Silke: “I am generally a positive thinking person and I feel very lucky that I am able to treat the next day as another day. I don’t take things personally and I try to look forward, not back. Also, I always have faith in myself to say, “I will do it. I will find a way. I will find a solution.” It helps that my family have supported me always. My husband, especially, is a big supporter. Whenever I have a problem, he listens to me and helps me get rid of my anger or stress.”

Who has been your inspiration in Jungheinrich?
Silke: “When I started we had one woman on the board, the famous Mrs. Martin. She was responsible for Finance and HR. She knew Dr. Jungheinrich personally. She was not my direct boss, but she was the board member for my department. It was inspirational to see a women in that role at that time. She was very close to the people and she would always ask how you were and ask about your family — a completely approachable person. This is what I try to be, part of the team and showing respect to all members. This was my message at last year’s conference: everybody has an important role to play, some at the front and others at the back office. Without the defence and midfield playing their part, the top strikers would never score a goal.”

What is your proudest achievement at Jungheinrich?
Karen: “My proudest achievement is that I broke the mould and the perception that women can’t succeed in this industry. But I am really proud of the fact that in my Region we have a great team spirit. We’re a strong team. I encourage an open and honest approach with the everyone and I believe that work should also be fun. If there is a work event such as a family fun day, or just an evening out for drinks we always get a good turnout. The sales team arrange and fund a Christmas weekend away between themselves and I know that would never happen without their being a great team spirit.”

What is the most important thing that you have learnt in your role?
Silke: “When I started at Jungheinrich, I had a specialist role and worked more on my own. With the time and taking over leadership roles, I learnt to be a team player and to give the team members flexibility and the ability to learn from their mistakes. The higher you get, the more you really have to trust your team. Something else I have learned is to put myself in the role of the other to understand their point of view and their needs. For example, when it comes to a decision my boss has to take, I try to be a step ahead and prepare the decision with facts and figures, and also to build my own opinion and give a recommendation. The same I would expect from my team, not to come up with problems and open questions, but with a proposal as they are the experts.”

How can encourage a more diverse workforce?
Karen: “I think articles like this are a great way, but we must change the perception of the intralogistics business. It’s not just about repairing forklift trucks, it’s not a heavy lifting job, it’s not all about dirty, oily environments. Yes, there is an element of that, but a big part of our business is about automation – it’s the future. Its high-tech and it’s developing all the time. There’s just so much for youngsters and females coming into this business to learn.”

Silke Hererra

Silke: “We need to be flexible as a company and find good solutions to combine the job with the family, hybrid working is a good step forward. But we also should encourage women to feel that they are able to follow a career path and take leadership roles.
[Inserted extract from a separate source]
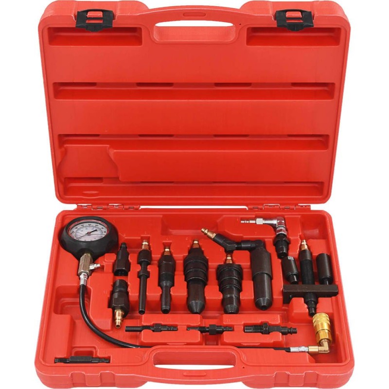 Dieses benutzerfreundliche Set zur Messung des Verdichtungsdrucks in Dieselmotoren enthält alle notwendigen Komponenten, um den Verdichtungsdruck in den meisten PKWs, LKWs und Traktoren mit Dieselmotor zu prüfen.

On International Women’s Day, what would you say to women who may not have considered a career in intralogistics?
Karen: “I would say don’t judge a book by its cover. Just because it doesn’t sound glamorous, doesn’t mean it isn’t exciting and challenging. Explore the options, look at our website, talk to people who work in the industry. Many females must dismiss our job adverts thinking it’s not an environment for women. Think outside the box – I did.”